Decolonial Comparative Law Summer School 2023
- Start: Jul 4, 2023
- End: Jul 8, 2023
- Location: Max Planck Institute for Comparative and International Private Law
The law as an academic discipline, political and economic instrument, and technical set of methods, is often denounced as the means used to perpetuate colonial oppression. Decolonial law thus might appear as an oxymoron. However, coloniality is the exploitation and denigration of the global South from their lands, governance systems, knowledge systems and ways of being, living, and expressing. One distinguishes between coloniality/decoloniality and colonialism/decolonization in order to emphasize the epistemic challenges of neo-colonialism. Accordingly, decolonial law is an epistemic alternative to colonial law and neo-colonial law. We propose that decoloniality is a necessarily comparative exercise.

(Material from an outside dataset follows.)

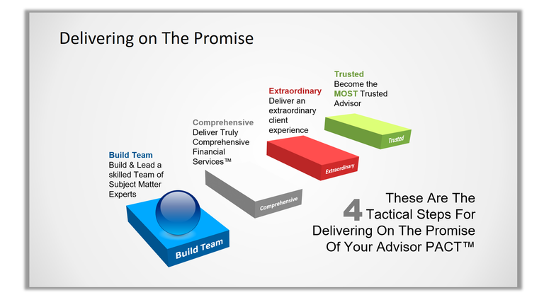 He begins by showing advisors how to lead a Strategic Planning Session to set a unified team vision for delivering Truly Comprehensive Financial Services™. Mark explains the four tactical steps to becoming the “only game in town”: building a skilled Deliverables Team™, implementing comprehensive services, delivering an extraordinary client experience, and earning the client’s trust as their most Trusted Advisor™.

Conventional comparative law studies a variety of legal traditions/systems, but typically interprets them using a global North epistemology. Some scholars have formulated critical analyses of conventional comparative law. Yet, comparative law's emphasis on similarity/equality--as well as on universal principles that overlook the politics of law or the relevance of context--encourages misreading and mistranslation. Decolonial comparative law can generate a different approach to comparative law that embraces interdisciplinarity in both legal theory and methodology, while reducing the gap between decolonial justice and law.
Decolonial law builds upon, but is not limited to, law from the global South. South-based legal scholars have Southern worldviews that have entered legal discourse; examples include buen vivir and Ubuntu, as well as precolonial and continuing alternative traditional forms of justice. (See, for example, Sabiiti’s work on African traditional justice mechanisms (ATM), mato’oput in Uganda, gacaca in Rwanda, etc.). Whether decoloniality or indigenous methods are their starting points, scholars implicitly rely on methods of comparison in the formulation of decolonial law, such that decolonial comparative law is relevant for any legal scholar interested in decoloniality.
About the summer school
The Decolonial Comparative Law (DeCoLa) summer school brings together comparative law and decoloniality with a rigorous attention to methods. Summer school participants will learn about:
- the impact of epistemologies (and ideologies) on the choice and implementation of legal methods;
- some distinctions between postcolonial, critical legal, Indigenous, and decolonial theories;
- decolonial methods that can be applied in a variety of settings, both legal and non-legal.
This summer school is a first step towards the third Decolonial Comparative Law Workshop (expected in October 2024) in Brazil on the topic of Decolonial Comparative Property Law. Thinkers, scholars, practitioners, and students interested in the matter are strongly encouraged to participate in this summer school.
Based on participants' preferences, sessions will run concurrently in English, French, Portuguese, and Spanish. Participants are expected to understand at least two languages passively.